Caremark & Beyond: The Risks of “Cost-Cutting” Culture

In her opinion last week, Vice Chancellor Zurn also made note of the lengthy tenure of many of Boeing’s directors and their skill-sets as “political insiders or executives with financial expertise.” She then discussed at length the transformation of the company from an organization run by engineers to one run by finance folks – recounting how the company moved its headquarters from Seattle 20 years ago in order to “escape the influence of the resident flight engineers.” The focus on cost-cutting allegedly impacted quality and resulted in more safety violations.

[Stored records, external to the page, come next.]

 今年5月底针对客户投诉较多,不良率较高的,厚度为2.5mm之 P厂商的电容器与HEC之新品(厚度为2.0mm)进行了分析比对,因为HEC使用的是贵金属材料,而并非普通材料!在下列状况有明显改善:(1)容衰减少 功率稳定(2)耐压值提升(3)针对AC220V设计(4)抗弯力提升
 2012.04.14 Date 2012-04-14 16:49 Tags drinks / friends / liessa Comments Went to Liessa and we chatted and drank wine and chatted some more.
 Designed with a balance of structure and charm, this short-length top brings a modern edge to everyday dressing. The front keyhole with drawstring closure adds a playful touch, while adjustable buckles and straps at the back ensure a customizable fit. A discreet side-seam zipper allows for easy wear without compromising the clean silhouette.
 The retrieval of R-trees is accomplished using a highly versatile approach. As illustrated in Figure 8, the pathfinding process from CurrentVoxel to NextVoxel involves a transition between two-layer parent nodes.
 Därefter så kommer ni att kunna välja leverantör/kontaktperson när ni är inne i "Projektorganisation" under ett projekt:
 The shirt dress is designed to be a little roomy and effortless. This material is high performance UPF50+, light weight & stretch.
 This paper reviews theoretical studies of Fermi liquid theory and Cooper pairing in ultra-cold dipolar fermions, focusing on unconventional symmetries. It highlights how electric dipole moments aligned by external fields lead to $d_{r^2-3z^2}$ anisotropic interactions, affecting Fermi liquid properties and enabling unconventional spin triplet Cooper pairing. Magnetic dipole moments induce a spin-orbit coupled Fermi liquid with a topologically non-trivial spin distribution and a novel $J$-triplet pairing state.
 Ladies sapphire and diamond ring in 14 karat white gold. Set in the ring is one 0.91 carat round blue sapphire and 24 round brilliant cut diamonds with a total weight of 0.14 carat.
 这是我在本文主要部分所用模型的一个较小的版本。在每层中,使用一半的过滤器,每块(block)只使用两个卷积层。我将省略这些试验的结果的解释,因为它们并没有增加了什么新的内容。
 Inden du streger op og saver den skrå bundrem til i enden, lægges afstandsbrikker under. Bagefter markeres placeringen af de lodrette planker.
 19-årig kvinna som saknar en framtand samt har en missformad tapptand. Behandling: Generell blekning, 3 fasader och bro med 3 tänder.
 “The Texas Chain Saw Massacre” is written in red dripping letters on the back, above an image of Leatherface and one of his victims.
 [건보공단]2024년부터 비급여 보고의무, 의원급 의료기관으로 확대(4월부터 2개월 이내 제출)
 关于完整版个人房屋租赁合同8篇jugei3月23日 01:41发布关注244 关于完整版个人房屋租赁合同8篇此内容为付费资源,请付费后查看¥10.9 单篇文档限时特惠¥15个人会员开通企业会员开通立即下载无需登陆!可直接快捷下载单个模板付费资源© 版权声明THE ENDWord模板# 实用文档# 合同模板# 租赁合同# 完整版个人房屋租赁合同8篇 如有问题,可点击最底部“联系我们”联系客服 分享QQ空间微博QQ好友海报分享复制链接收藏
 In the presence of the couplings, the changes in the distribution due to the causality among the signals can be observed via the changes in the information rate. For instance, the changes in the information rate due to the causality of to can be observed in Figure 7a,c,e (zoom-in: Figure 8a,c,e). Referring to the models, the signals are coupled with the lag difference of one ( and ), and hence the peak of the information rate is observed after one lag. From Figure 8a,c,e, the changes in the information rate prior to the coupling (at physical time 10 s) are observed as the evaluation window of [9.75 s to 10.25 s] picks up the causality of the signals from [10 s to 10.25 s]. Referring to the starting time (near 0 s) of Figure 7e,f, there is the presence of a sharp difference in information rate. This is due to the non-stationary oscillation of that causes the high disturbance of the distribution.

This is only the latest iteration of a story that keeps repeating. In his Radical Compliance blog, Matt Kelly highlighted that a cost-cutting culture was also to blame in last week’s SEC enforcement action. Here’s an excerpt:

Our point today, however, is that 3G made cost-cutting a strategic goal for the company. It tied employees’ performance metrics and compensation to their ability to cut costs. Procurement division employees said internally that the former COO “push[ed] like crazy” for them to meet cost savings goals, and increased cost savings targets to unreasonable levels.

Faced with that relentless pressure to cut costs, employees then engaged in the prebate chicanery we mentioned above, and lots more.

That’s the lesson for internal control and compliance officers. If your business is based on a misguided strategic goal, eventually it will warp your corporate culture to the point where misconduct is the only way to execute the strategy — and then, all the internal controls in the world won’t do you any good.